What is Disaster Risk Reduction (DRR)?
In Disaster Risk Reduction (DRR) the disaster risk a community faces is assessed in a systematic, holistic way, and addressed wherever possible through activities that increase the resilience of those at risk. These actions may be things that: help to prevent disasters from happening (prevention), reduce the impact disasters have (mitigation), or prepare societies to deal with the effects of a disaster when they happen (preparedness).
What constitutes a disaster?
The combination of a hazardous event such as an earthquake, flood or drought and the community's resilience and infrastructure (or lack of it) come together to create a disaster. Of course some places are more prone to disasters than others – for example living on a flood plain or fault line will increase the risk. But adaptation, education and planning can greatly affect how much an emergency event impacts on people's lives.
Disaster Risk Reduction is about helping communities in places that are prone to disaster events be more able to avoid or withstand them. It may involve building in a way which is more able to withstand storms or earthquakes, or working with a community to build a strategy for what to do when an emergency occurs.
Disasters are increasing
Disasters affect a lot of people worldwide, and there are far more in any given year than the major ones we hear about in the news. Between 2000 and 2008, an average of 392 disasters occurred each year. Each year around 216 million people were affected and a total damage of over 90 billion British pounds (around 4 times the development aid of the European Union) was caused.
The last 35 years have shown a rising number of disaster events, as well as people affected and extent of damages. Current demographic shifts, climate change, environmental degradation and economic globalisation, mean it is expected that this rising trend will continue. Several of these are at a global level, and this is likely to have an impact on the scale of future disasters.
In general, poorer countries are most exposed to the risk of disasters, and least able to deal with the consequences. Often the most marginalised within those countries: the ultra-poor, women and children, are most affected.

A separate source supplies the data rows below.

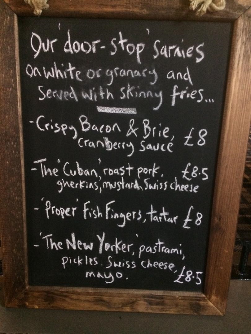 When I walked in the first thing to jump out at me was their Chalkboard listing “Our ‘door-stop’ sarnies”. I always love a proper big sandwich and these sounded great all made with white or granary and served with skinny fries.
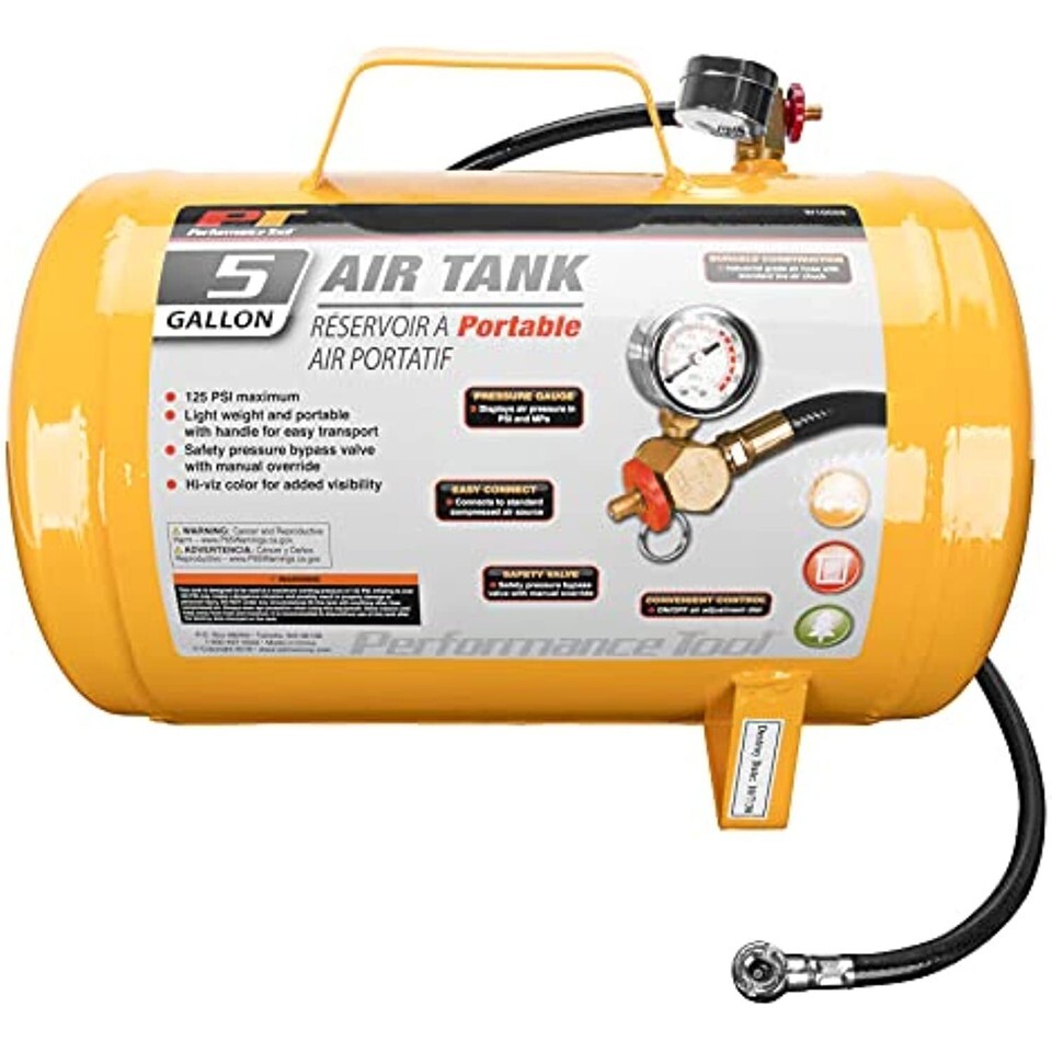 - Performance Tool W10005 Hi-viz 5-Gallon Horizontal Portable Air Tank With Tire
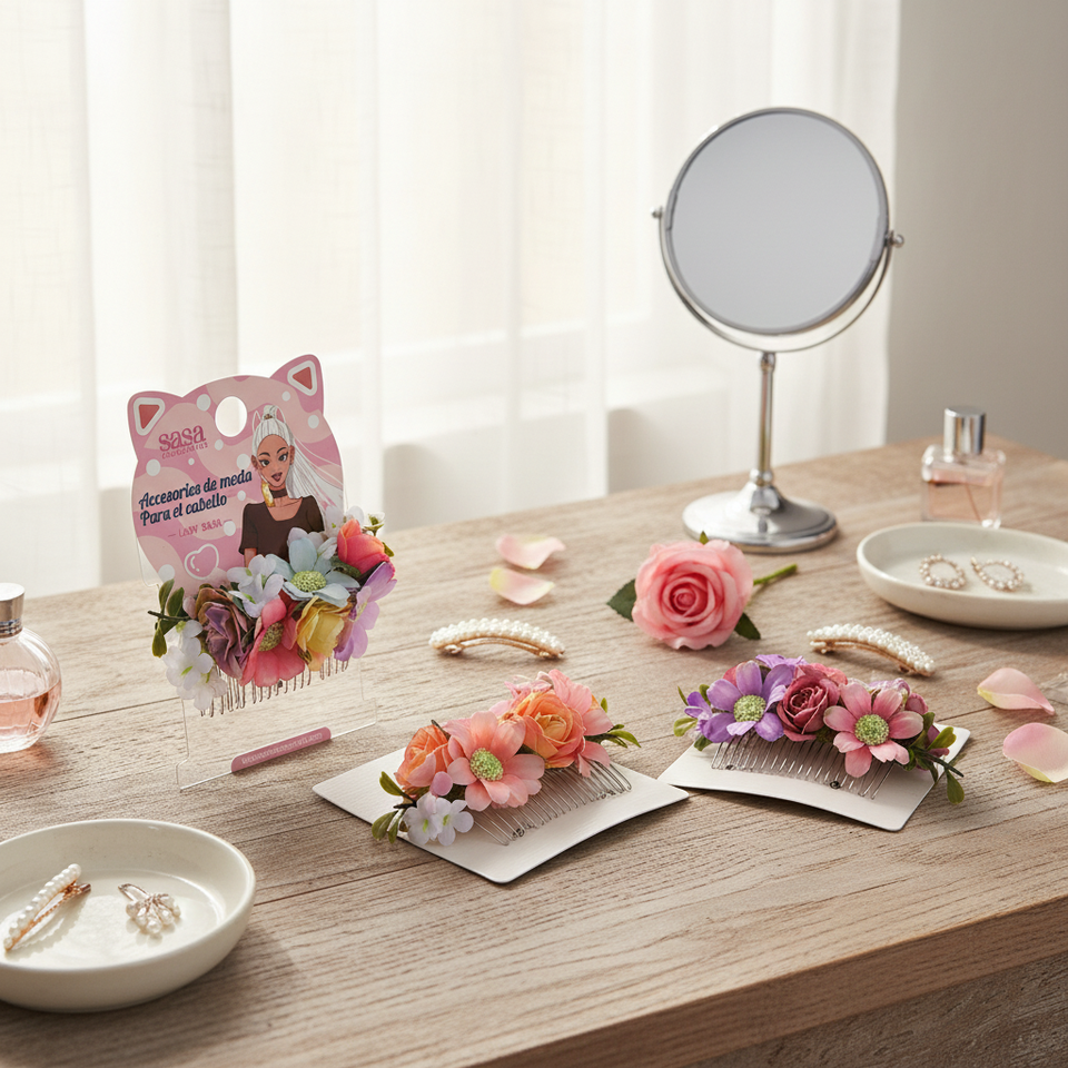 หวีผมบรรจุกล่องพร้อมหวีเสียบหลากสี4อัน
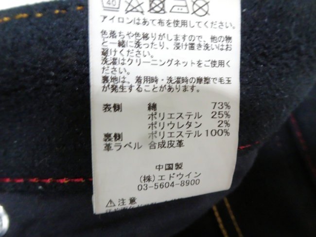 ■■商品詳細■■ メーカー : EDWIN /エドウィン 品名 : デニム パンツ 型番 : ME923W 表記サイズ : L 平置きサイズ: ウエスト40㎝/総丈105㎝/前股上34㎝/股下73㎝ 素材 : 綿73%・ポリエステル25%・ポリウレタン2% ※サイズはメジャーにての採寸となり若干の誤差が生じる場合が御座います。 ※掲載写真は蛍光灯等の光の反射により、多少色の違いがある場合が御座います。 【商品説明】 こちらの商品は”中古品”で御座います。 ◆商品状態 ・・・保管に伴う僅かなスレ、キズがある場合が御座います。 全体的に多少の使用感が御座います。 腰後ろの革ラベル割れやハゲが御座います。 裾の内側の色褪せが見受けられます。 デニム右太もも辺りに汚れが御座います。 画像にてご確認の程お願い致します。 特に特記する様な破損は御座いません。 記載事項をご確認、ご納得の上ご入札の程お願い致します。 ☆店頭でのお引取り大歓迎☆ 別途:この他にも“色々”出品しています 【ここクリック】でご覧下さいませ。 | ||
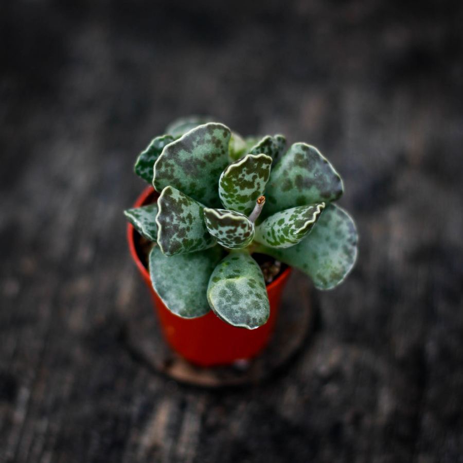 Adromischus cooperi, 6 cm, är en unik och vacker suckulent som tillför en exotisk charm till inredningen med sina fläckiga, rundade blad och lättskötta natur.
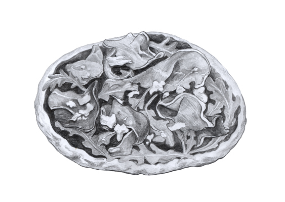 Salaterne - til tider anrettet i flere lag, fungerede perfekt som det nødvendige bindeled mellem kødpålæg og farverig pynt.
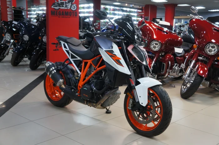 Мотоцикл KTM 1290 SUPER DUKE R, 2018 года в мотосалоне MEGAMOTO. Пробег мотоцикла 6 209, цвет белый, оранжевый, растаможен с ПТС и готов к продаже. Чтобы купить KTM 1290 SUPER DUKE R, уточнить все технические детали или посмотреть мотоцикл, вы можете оформить заказ на сайте или связаться с нашими менеджерами любым удобным способом. При обращении указывайте, пожалуйста, артикул 164007
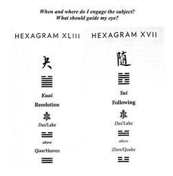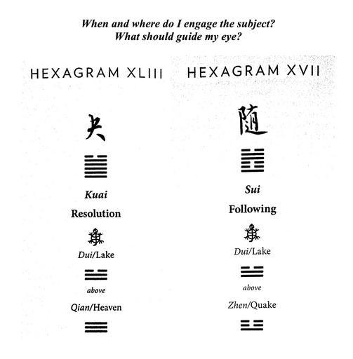 Keywords: With “heads” = 3, and “tails” = 2, three coins were thrown six times: _____2+2+3 = 7, Undivided Line (Young, or Unchanging, Yang) _____3+3+3 = 9, Undivided Line (Old, or Changing, Yang) _____3+3+3 = 9, Undivided Line (Old, or Changing, Yang) _____2+2+3 = 7, Undivided Line (Young, or Unchanging, Yang) _____2+2+3 = 7, Undivided Line (Young, or Unchanging, Yang) _____3+3+2 = 8, Divided Line (Young, or Unchanging, Yin) Building up from the bottom space, this yields the trigram 7/9/9 (Qian/Heaven transforming into Zhen/Quake) under the trigram 7/7/8 (Dui/Lake), and the resultant two hexagrams, displayed above. Chinese renderings from the translation by John Minford. |
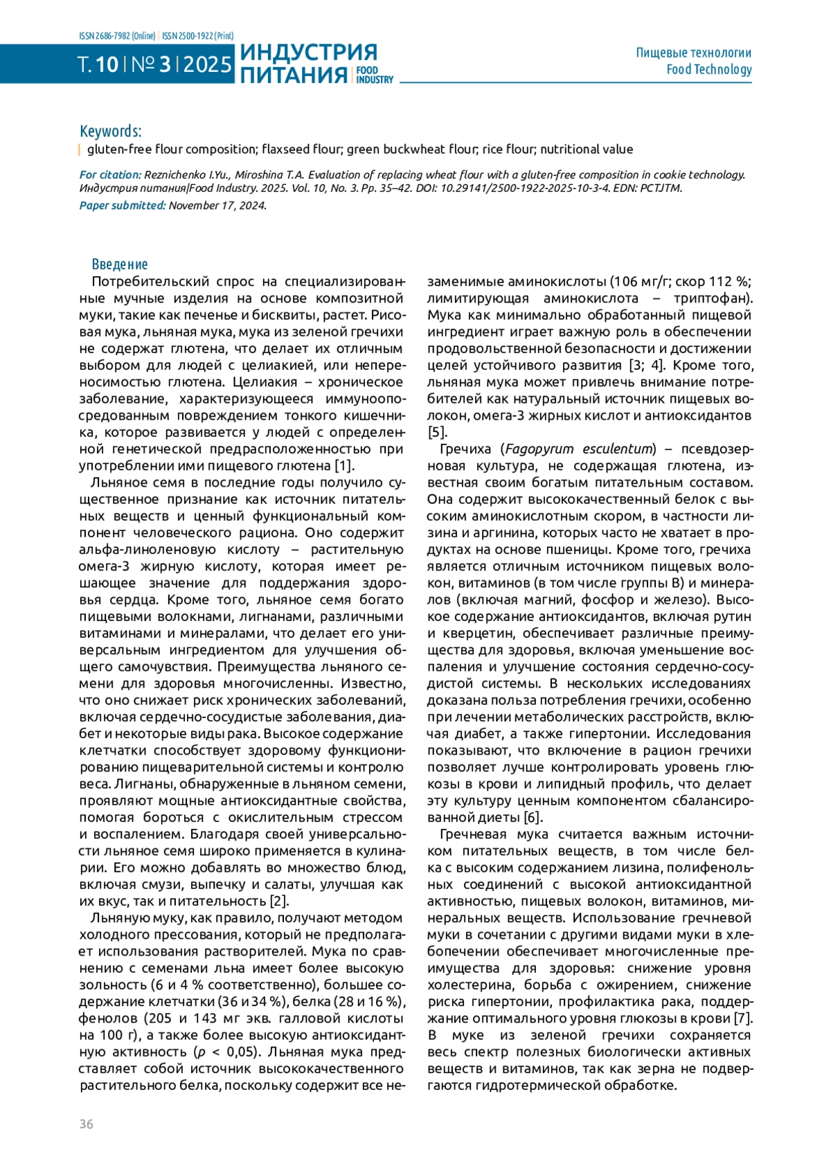 7. Резниченко И.Ю., Мирошина Т.А. Современные виды безглютенового сырья: перспективы применения в технологии мучных кондитерских изделий // Вестник КрасГАУ. 2024. № 6(207). С. 212-219. 10.36718/1819-4036-2024-6-212-219. DOI: 10.36718/1819-4036-2024-6-212-219.EDN EDN: YZCTZV
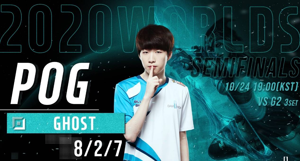 Ghost在休息一个春季赛之后,DWG战队选中了他,自此开启了夺冠之路,在全球总决赛的舞台上,DWG以强大的统治力一路过关斩将,在决赛中击败来自LPL赛区的SN,成功拿下世界冠军。
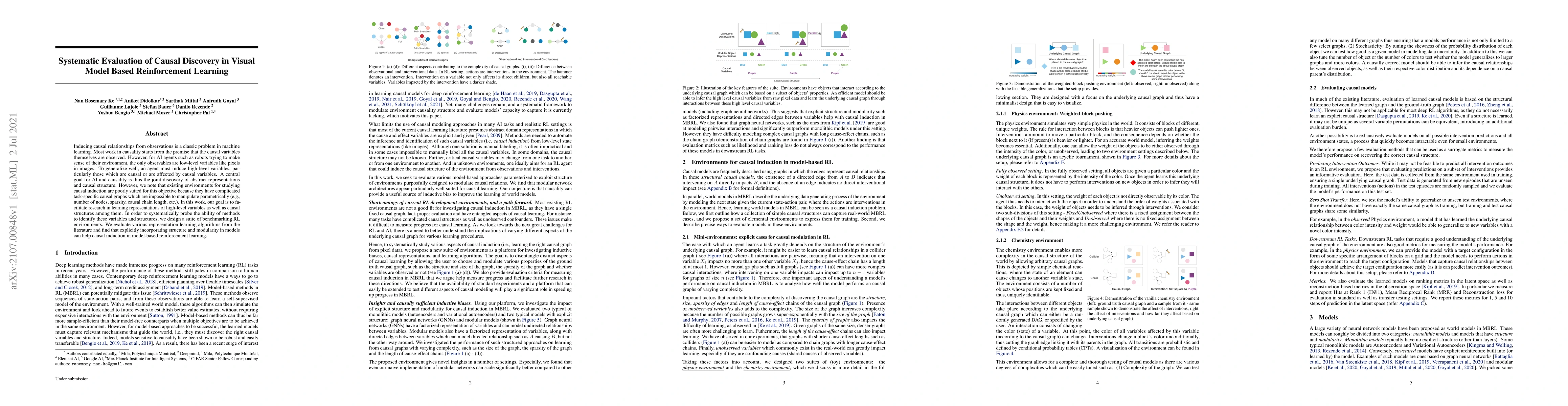 This paper develops a suite of benchmarking environments for model-based reinforcement learning to systematically evaluate causal discovery. It finds that incorporating structural and modular elements into representation learning algorithms enhances the identification of high-level causal variables and structures.
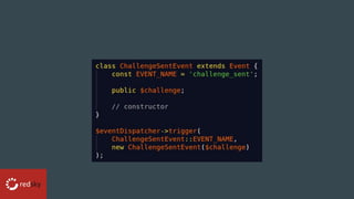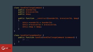 This document discusses using a command bus pattern to move code from controllers to handlers. It recommends implementing the Tactician command bus with Symfony to create thin controllers that delegate tasks to specialized handlers. Various middleware plugins are described, such as logging, transactions, and validation middleware, that can be registered to intercept and process commands. The document provides resources for learning more about command buses and Tactician.
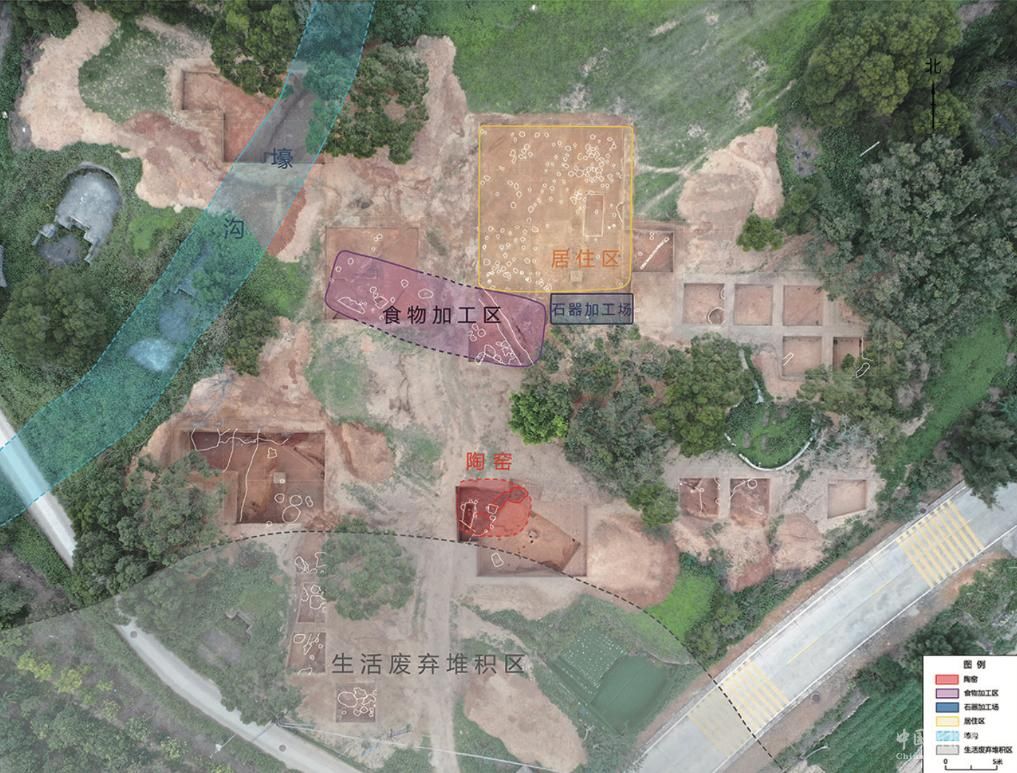 福建平潭縣殼丘頭新石器時代遺址群殼丘頭遺址功能區(qū)分布圖(資料照片)。
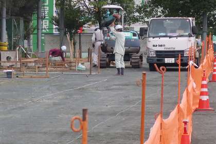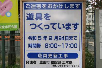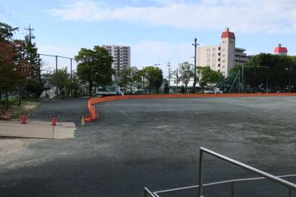 これまであった遊具はすべて撤去され、新しい遊具の設置工事が始まっています。工事エリアを確保するためにフェンスが張られ、運動場がさらに狭くなっています。工事終了まではご不便をおかけしますが、よろしくお願いします。
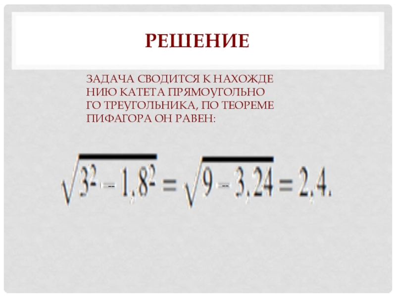 Задача сводится к нахождению катета прямоугольного треугольника, по теореме Пифагора он
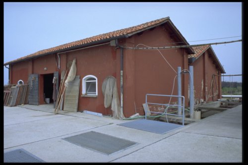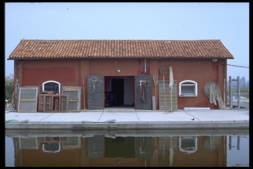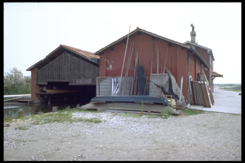 edificio di forma rettangolare formato da due corpi; il primo, verso Nord, è situato sul canale e il secondo, verso Sud, poggia sul terreno; muratura in mattoni intonacati; copertura a tetto
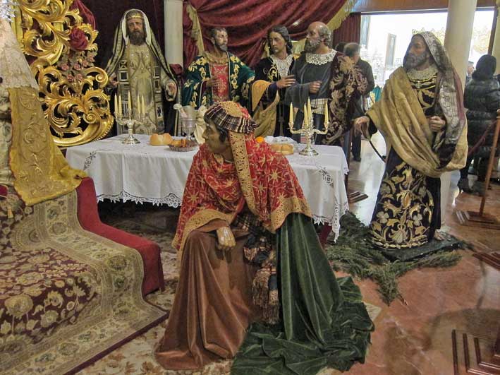 Entre las de Lastrucci se encuentran los cinco apóstoles del misterio del Beso de Judas, otros tres del paso del Prendimiento de los Panaderos y uno de los sayones que preparan la cruz en el del Señor de las Penas, de la Estrella, todos ellos con ropajes distintos a los habituales.
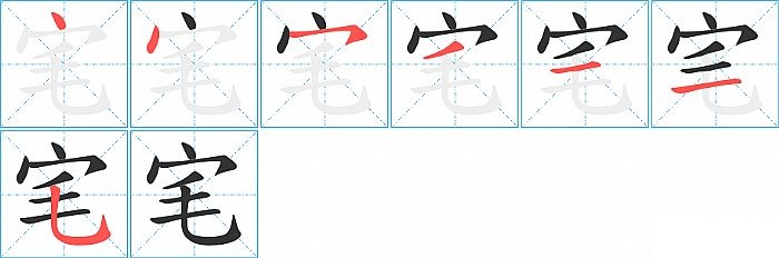 《宒》字的笔顺分步演示图(一笔一画写汉字)
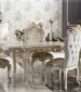 Desain meja makan yang di beri sentuhahan warna finishing Broken White Combi Gold (Duco) menonjolkan kesan mewah dan eksklusif. Motif emas terlihat pada setiap ukiran khas mebel jepara menjadikan setiap seni ukir yang ada di meja makan mewah ini terlihat sangat cantik, selain itu juga di tambahkan Busa Royal Foam (LJ26) Empuk & kenyal dengan di balut Kain Bludru Motif Impor Turkey menambah keistimewaan pada produk ini.
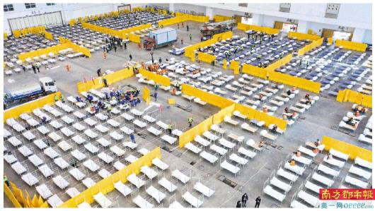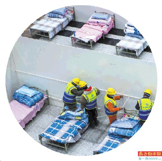 在可容纳1100张床位的武汉体育中心,其电路安装及部分医用集装箱由承建火神山医院土工布、防护膜及污水处理站基础施工任务的中建三局负责。南都记者从中建三局获悉,自2月4日晚接到该“方舱医院”建设任务后,建设人员通宵施工作业,从人员集结到位到完成,用时不到10小时,“边设计,边施工,边调整”。
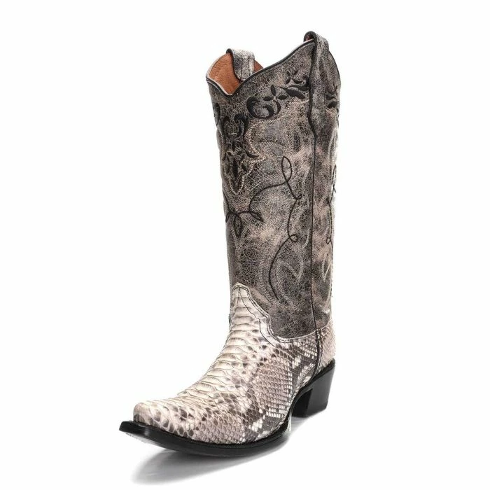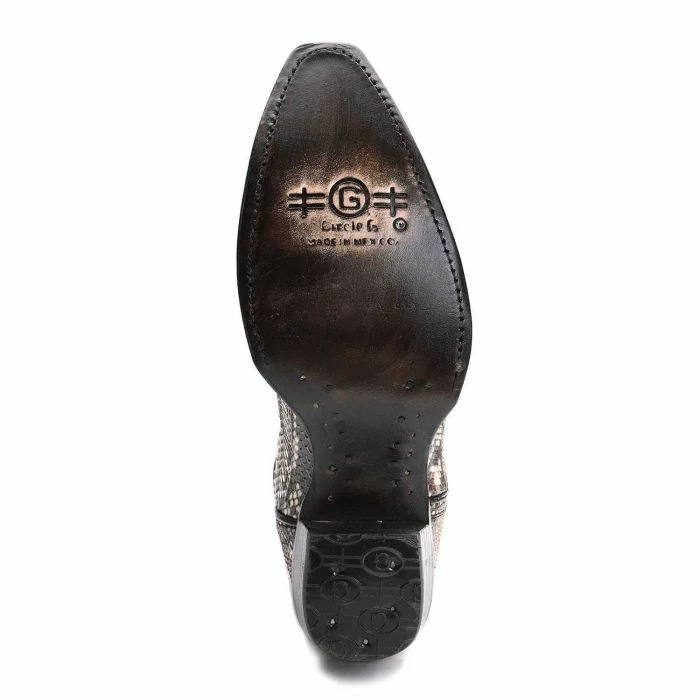 This gorgeous pair of women’s python boots are hand-crafted by Circle G. The level of detailing in this cowgirl boot creates a very unique piece for your collection. The snip-toe foot keeps the natural color and appearance of the python leather. The 13” top is distressed for a worn, vintage look. Styled with a 2” heel and a scalloped collar for a feminine touch.

While the humanitarian sector has become better at saving lives in the wake of a disaster, it is often not very good at saving livelihoods. Hazard events often have a huge negative impact on the lives of these people; their jobs and assets are destroyed, vital services disrupted, infrastructure damaged, and the environment people live in and depend on negatively affected.
Critical part of our work
CARE aims to achieve a profound, long-term, and wide benefit for all the communities with whom it works. In order to ensure this occurs in a large scale, ongoing, consistent fashion it is critical we include disaster risk and resilience building into all our work. For this reason CARE International has identified DRR as one of its priorities within its mandate regarding humanitarian assistance, reconstruction and development. DRR is in line with CARE's programming framework and principles of accountability and sustainability.